Crop Over is the height of Barbados holiday celebrations, even more so than Independence Day. Two days, two working days, are given over to the fete much like Carnival in Trinidad with music, nearly butt naked dancing and copious amounts of alcohol to whet the appetite for excitement and celebration. I watched it all on TV. Yeah, I know, lame. But I couldn't really think of any way to participate this year. Most of the jumping--walking, marching, and dancing in the parade--would take place far from home and Didier, sure of mysterious illnesses that would suddenly befall scheduled workers, was on the job. While I have been ambivalent about Barbados, I respect holidays and traditions, and hoped to experience the real Crop Over in some way.

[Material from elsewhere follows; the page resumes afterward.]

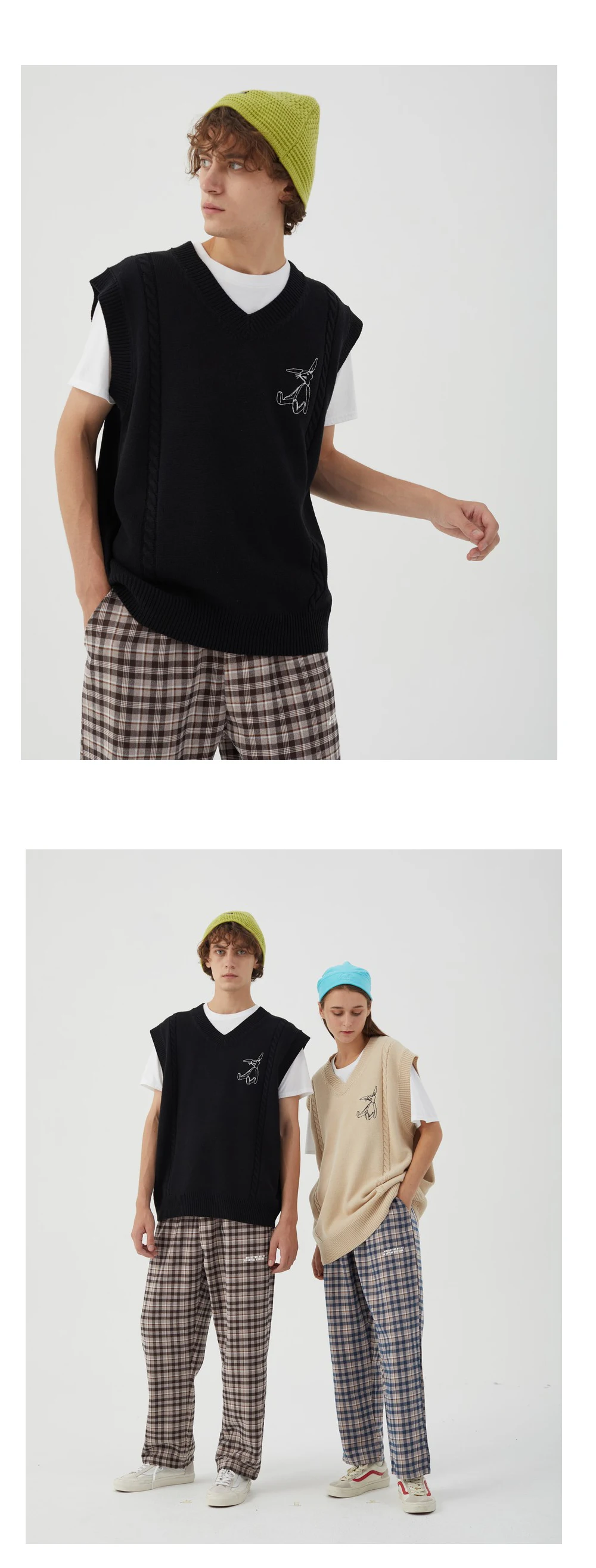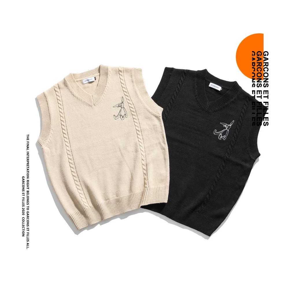 Sleeveless Vest Vintage Sweater Mens Clothes Knitted Retro Sweater Harajuku Pull Homme Tops Sweaters Pullover Sweter

From my end, all I saw were closed shops and banks, empty streets, a quiet Holetown, and ex-pats scrambling to get together. Many had already been part of Crop Over in years passed and just wanted to get on with their lives today and some were in situations like mine, just not really willing to bus the girls to Bridgetown for bacchanalia in the heat, rain, and crowds, though the rain and wind probably gave the jumpers some break from this broiling heat and humidity.
That was yesterday. Today, the banks and stores are still closed. I imagine there is quite a lot of recuperating going on on the island today. Even better for us. Because today, we ladies had a special treat. We met up, well actually, we were picked up by my friend and the girls' swimming instructor, Wendy and her two little girls, both former classmates of Lily's, and taken to the beach at Sandy Lane. Sandy Lane is an incredibly posh hotel on the island, actually THE posh hotel which also has a housing development full of lovely homes and a golf course and all things lovely on Barbados. It is truly stunning. Tiger Woods, God bless him, got married at Sandy Lane, and though he unsuccessful prevented people from taking the access road through the property to prevent paparazzi et al from getting in, he was able to shut down the rest of the place. I can see why he'd want to. It is gorgeous and well maintained. It's where all the British celebrities stay when they are here. (And they are here much more than anyone from America.) The beach is lovely and today was quite calm and quiet.
The girls got to playing straight away and we all got in the water, it being too gorgeous to resist. Wendy is right up my alley, something I surely haven't said much since arriving here. She is funny and witty and we found we had more in common than we'd known. I don't feel like I have to be selective about what I share, trying to protect her from my potty mouth and sarcasm and felt I could be more forthright about our life here.
There is a lot of pretense in Barbados. Surely everywhere, but there is a facade I think quite common in resort communities where people either pretend to have more than they do, to be happier than they are, to adore everything they experience on a daily basis and give you a look of repulsion if you say you think the emperor is really not wearing any clothes. Now I am certainly a great pretender, I made my living that way for a time, but I have missed honest, open dialogue, irreverence, and just shit-talking. I have always needed to talk it out to figure it out and I find the more I have been able to do that of late, the better being here has been. Better. I am not selling the farm just yet.
It was a lovely morning with just one meltdown, finally not mine or Lily's, and I arrived home happy, contented, and absolutely burnt a nice chocolate brown. My little caramel and milk chocolate dewdrops were satisfied too. Now isn't that a way to spend a holiday.